10.3 Targeting Autophagy/Mitophagy: New Therapeutic Strategies
CSC generation, differentiation, plasticity, migration/invasion, and immune resistance are very much dependent on the variation of autophagy/mitophagy. During anticancer therapy, CSCs remain at the dormant stage to cope with intracellular and environmental stress, involving oxidative stress triggered by overproduction of reactive oxygen species (ROS). These dormant cells arise from EMT tumor cells and become non-cycling autophagic CSC which are later maneuvered on the release of paracrine factors (like MET, TGF-β receptor, IL-6 receptor, PDGFR, EGFR, FGFR, Hedgehog/Smoothened, WNT/Frizzled, Gas6/AXL, and Notch ligands) to cycling CSC with low autophagy. Thus, autophagy and mitophagy enable CSCs to colonize, migrate and metastasize, defy apoptosis and antitumor drugs and hence become therapy-resistant by its self-renewal property and replace the pool of differentiated tumor cells (Marcucci et al. 2017) (Table 10.2).

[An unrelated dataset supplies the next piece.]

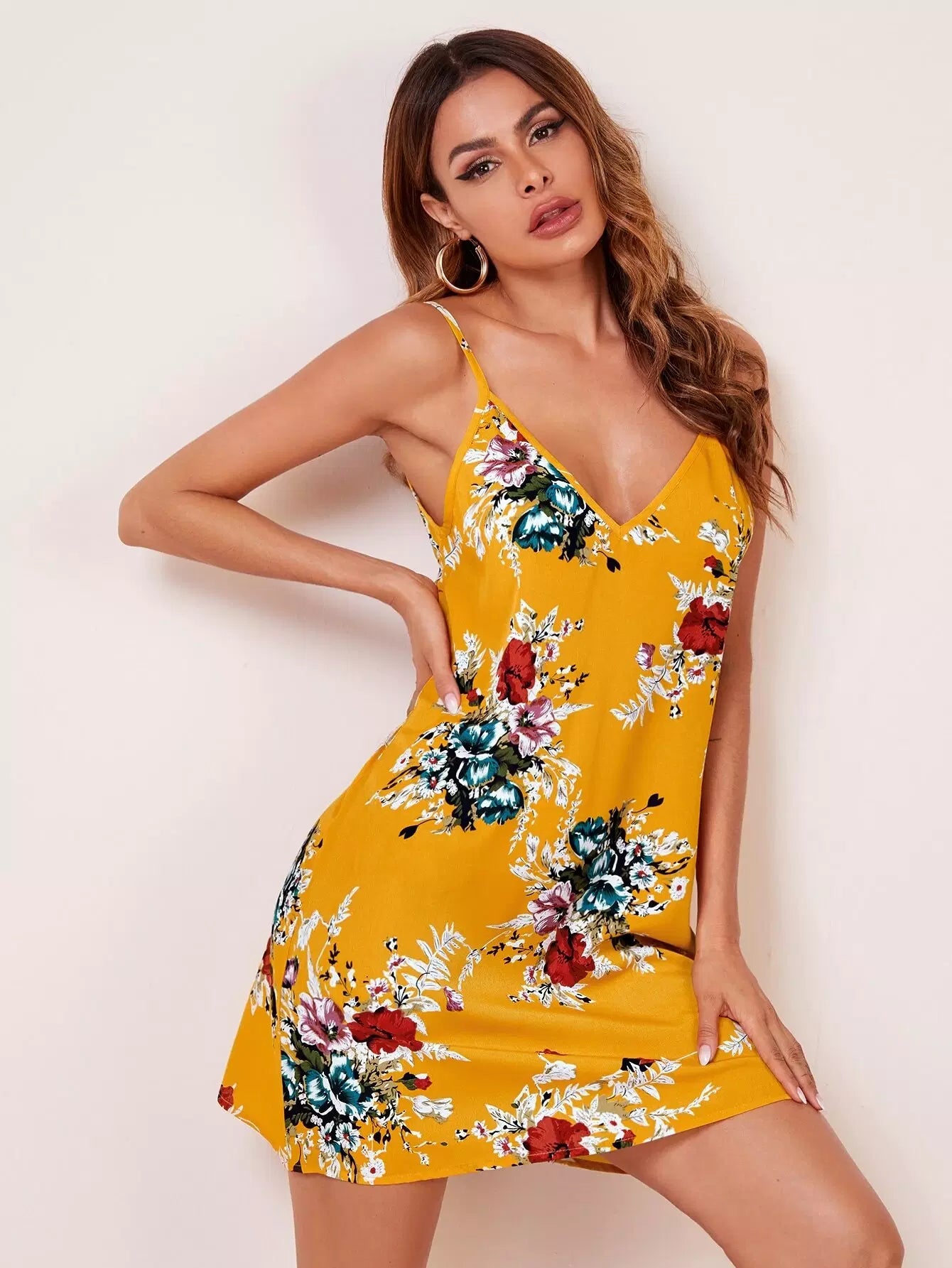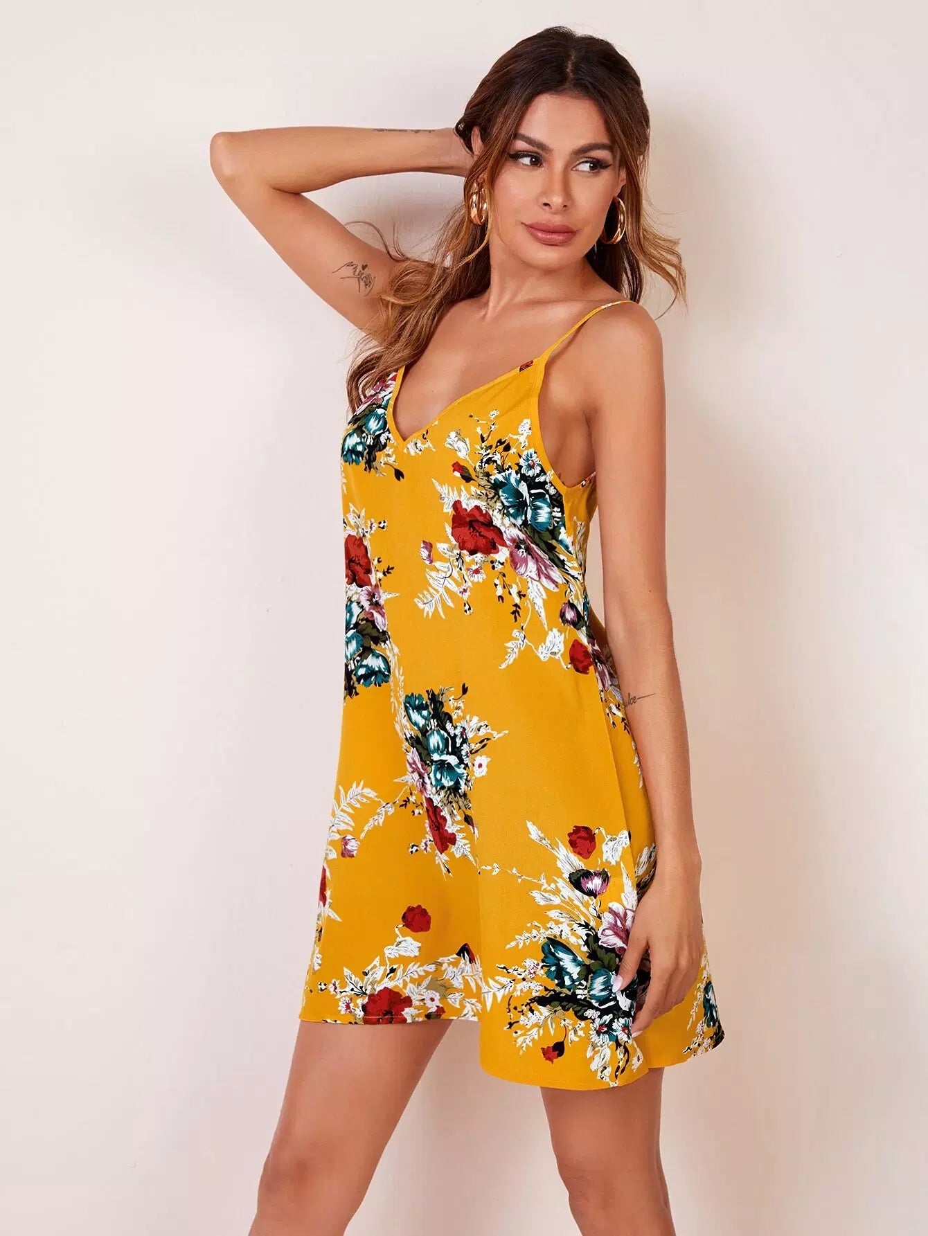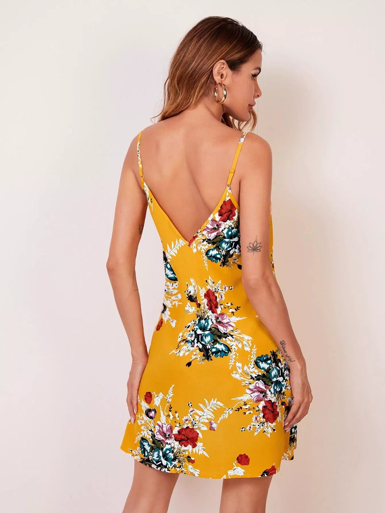 فستان كامي برقبة مزدوجة على شكل حرف V مطبوع بالزهور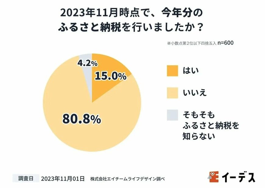 上記調査の結果、11月1日時点で80.8%の人が「ふるさと納税を行っていない」と回答しました。

Autophagy/mitophagy has an inevitable role in cancer cell survival, metastasis, and therapy resistance. The potentially new targeted therapeutic strategy is to use double or triple combinatorial doses of drugs or antibodies and/or radiation to modulate autophagic machinery to efficiently eradicate CSCs. Chemotherapy is a widespread treatment strategy for cancer therapy that engulfs dividing cells and disrupts cancer–cell division. However, several studies have revealed that the overall success rate of chemotherapy is often restricted via the upregulation of cytoprotective activation of autophagy in CSCs which protects cancer cells subjected to anticancer therapy. Cancer chemotherapeutic drugs 5-Fluorouracil (5FU) and cisplatin used in various solid cancers, like, gallbladder and colorectal cancers show autophagy-regulated chemoresistance (Ferreira et al. 2016; Liang et al. 2014; Park et al. 2013). Additionally, the CXCL12/CXCR4 axis is prompted in colorectal cancer and is linked with potential progression of cancer, such as invasion, metastasis, and chemoresistance. Subsequently, grants 5-fluorouracil (5-FU) resistance by increasing autophagy both in vitro and in vivo (Yu et al. 2017).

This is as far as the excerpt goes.